Since that time Dr. Baltimore, Dr. Wolff and I have become T.V. stars and have brought the AIDS message to the American people via a very supportive media.
That wouldn't have been possible without the close working relationship between my office and the IOM.
In the report IOM called for large growth in federal research support to prevent HIV infection and to treat the diseases caused by it. You also called for major prevention programs.
It is difficult to know exactly how Gramm-Rudman-Hollings Act impact AIDS funding. Currently it looks like an 8 1/2% decrease across the board to find at least $23 billion to cut government wide.
However, the "Economic Summit" could cut up to $30 billion in a less even fashion.
The good news is that current proposals for AIDS research and prevention are high enough that Gramm-Rudman will not substantially alter our course. Unless the "freeze mechanism is used that approach would be a disaster to expanding programs like AIDS.
For FY 1988 - The President's budget for AIDS (less FDA) is $791 million, the House mark is $970 million and the Senate $1 billion.
The President's budget is an increase over 1987 of $200 million for research and $120 million for education and information.
The House and Senate marks are $77 million and $88 million more for research respectively.
It is very very clear that we have the financial backing we need.
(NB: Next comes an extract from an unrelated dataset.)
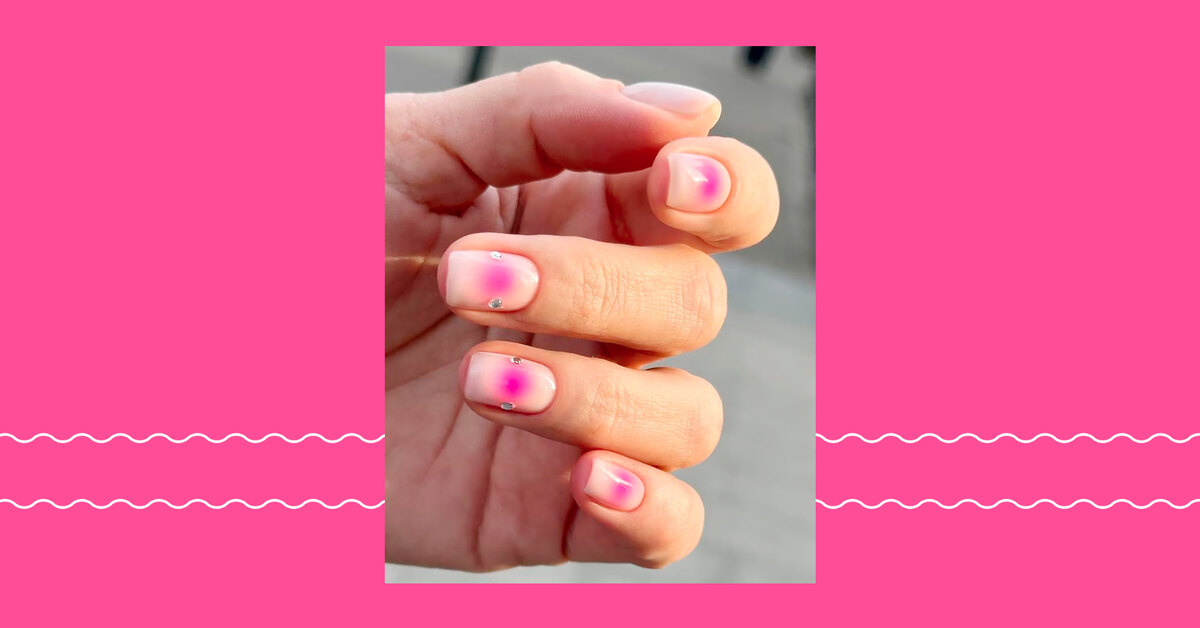 Модный аура-маникюр тоже может быть омолаживающим. Главное — выбрать деликатные оттенки, правильно расставить цветовые акценты и зафиналить всю композицию небольшим количеством страз!
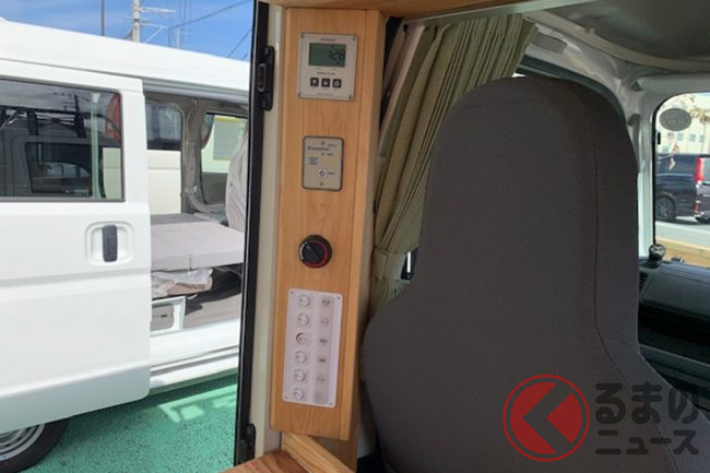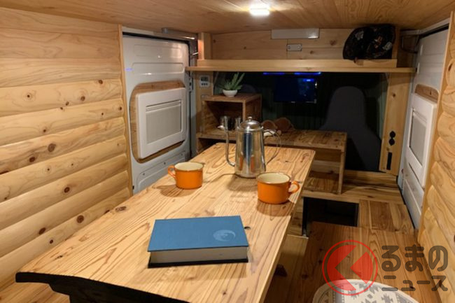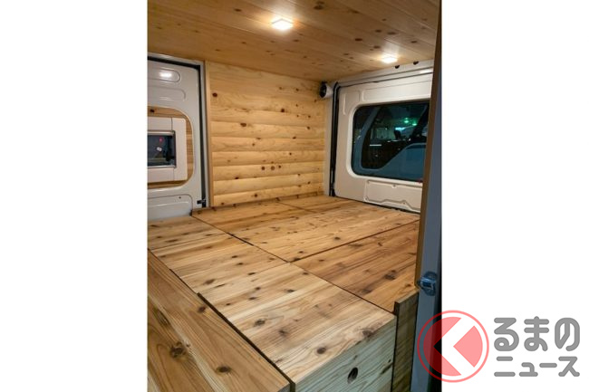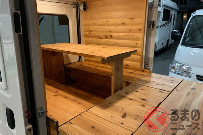 軽のキャブコンと比べると室内空間は狭くなりますが、元々ある車体の一部を改造するため、新しいシェルを載せるキャブコンより安価に済むという利点があります。

Our responsibility as administrators of research programs is to insure the best use of these funds and fund only quality research.
I find that most of my time is taken up by AIDS and that gives me some concerns given its relative importance in public health.
For example AIDS has claimed about 26,000 lives since 1981. Cigarette smoking will claim over 330,000 lives this year alone.
It is up to us as public health leaders to take the public interest and funding and apply them more broadly to the whole area of prevention.
We must encourage basic research in the social sciences to learn more about human behavior and how to influence it, especially in the areas of risk and assessment of relative risk.
Just as AIDS biomedical research can expand our knowledge of virology, AIDS social science research can expand our knowledge on how to reduce preventable morbidity and mortality.
The public is really behind us on this one. We mustn't let them down.